HRSA Issues Final Rule Regarding the 340B Penny Pricing Policy and Manufacturer CMPJanuary 11, 2017
On January 5, 2017, the U.S. Department of Health and Human Services (“HHS”) Health Resources and Services Administration (“HRSA”) issued a Final Rule implementing the 340B Drug Pricing Program Ceiling Price policy and Civil Monetary Penalty (“CMP”) standards, including the knowledge requirement related to overcharging 340B Covered Entities. The Final Rule becomes effective on March 6, 2017, but HRSA stated that it does not intend to enforce the regulation until April 1, 2017, when the following quarter begins.
Section 340B of the Public Health Services Act (“the Act”; codified at 42 U.S.C. § 256b) requires pharmaceutical manufacturers who participate in the Medicaid Drug Rebate Program (“MDRP”) to enter into a Pharmaceutical Pricing Agreement (“PPA”) with HHS, under which the manufacturer agrees to sell Covered Outpatient Drugs to statutorily designated Covered Entities at a price not exceeding a statutory “ceiling price.”

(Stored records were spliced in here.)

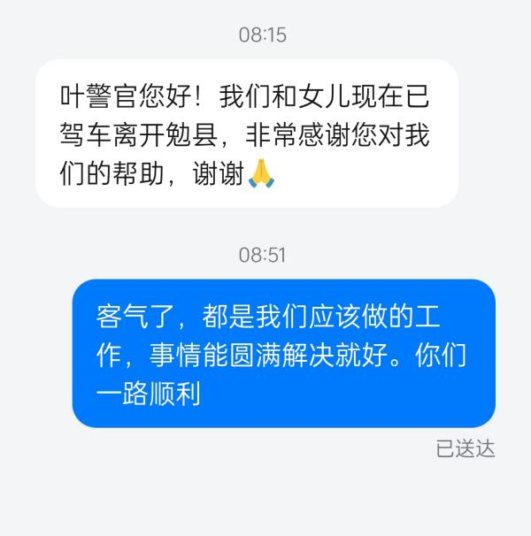 經(jīng)詢問,兩人是貴州貴陽人,其女兒饒某因家庭矛盾離家出走勉縣尋找網(wǎng)友嚴(yán)某,至今已失聯(lián)半個月。夫妻倆心急如焚,駕車從貴陽趕到勉縣,由于人生地不熟,便想到派出所尋求幫助。了解情況后,接警民警及時將指令下達給社區(qū)民警。社區(qū)民警會同警務(wù)助理及社區(qū)工作人員開展尋人工作,經(jīng)過不懈努力,終于在嚴(yán)某租住的民房內(nèi)找到饒某,并將其帶回派出所。
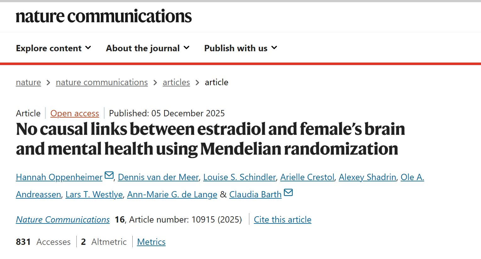 双样本孟德尔随机化研究证实,雌二醇水平及相关终生暴露因素与女性脑年龄差距、阿尔茨海默病和抑郁症无显著因果关联,激素波动为核心影响因素。
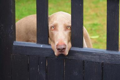 Keywords: weimaraner dog canine looking gate posts pet hunting domestic cute mammal friendly fun portrait head
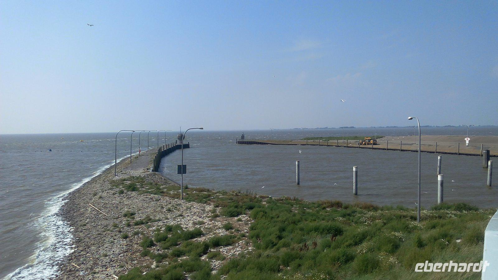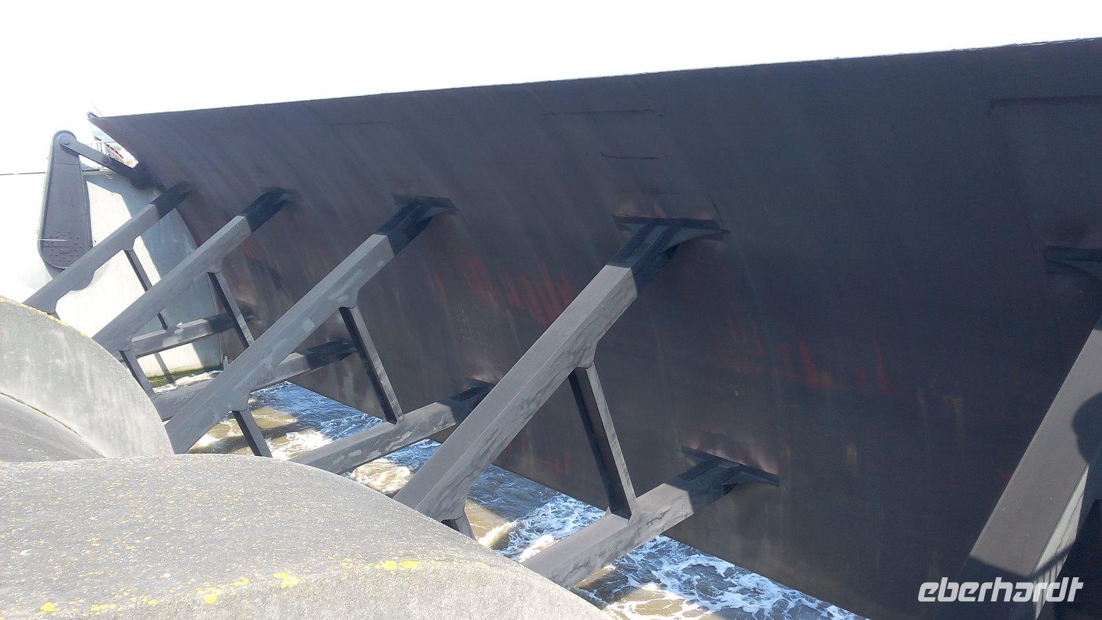 Wir planen hier unsere Mittagspause und jeder nutzt die Zeit nach seinen Wünschen. Zum Essen bei Gosch oder man probiert einfach nur ein Fischbrötchen. Andere suchen den Strand auf und hätten sich etwas mehr Zeit gewünscht. Im Anschluss fahren wir zum Eidersperrwer. Gegen 14.00 Uhr erreichen wir dann das Sperrwerk. Dieses trennt seit 1973 die Eidermündung von der offenen Nordsee. Wir sehen die Fünf 40 breiten Stömungstore, die bei günstigem Wetter offen sind (so wie heute) und bei Sturmflut geschlossen werden. Beeindruckt von dem größten deutschen Küstenschutzbauwerk setzten wir unsere Fahrt fort.
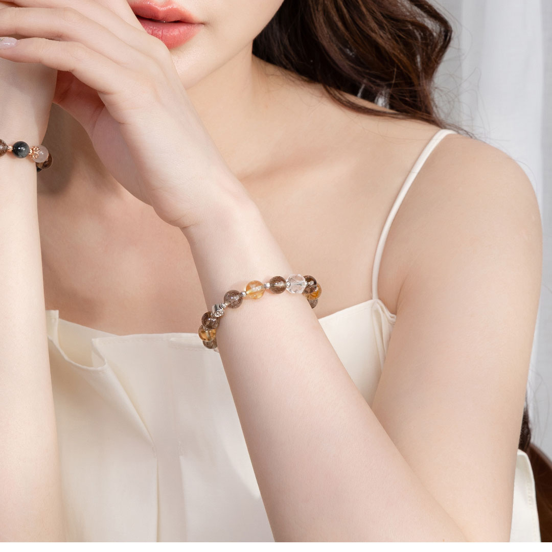 茶水晶 ( Smoky Quartz ) 又稱為煙晶,象徵財富,有著煙燻暈染的神祕色彩,讓人感覺內斂穩重。
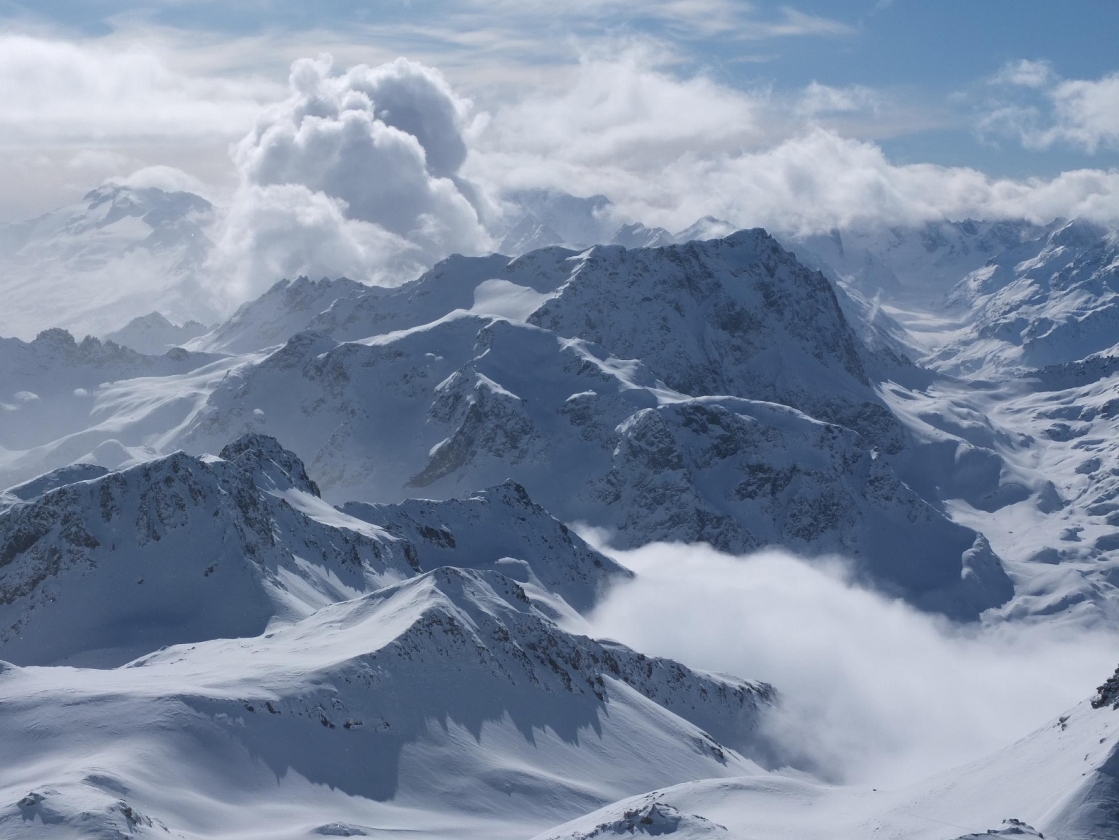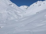 Schneeverhältnisse gut, Sichtverhältnisse stark wechselnd, vor allem vor Julierpass Nebel/Schneefall.

340B Ceiling Price and the Penny Pricing Policy
Section 7102 of the Patient Protection and Affordable Care Act, Pub. L. No. 111-148, 124 Stat. 119 (2010), (“ACA”) required HHS to develop a system to enable HHS to verify the accuracy of ceiling prices calculated and reported by manufacturers pursuant to the Act. HHS was required to develop and publish “precisely defined standards and methodology for the calculation of ceiling prices.” 42 U.S.C. § 256b(d)(1)(B)(i)(I).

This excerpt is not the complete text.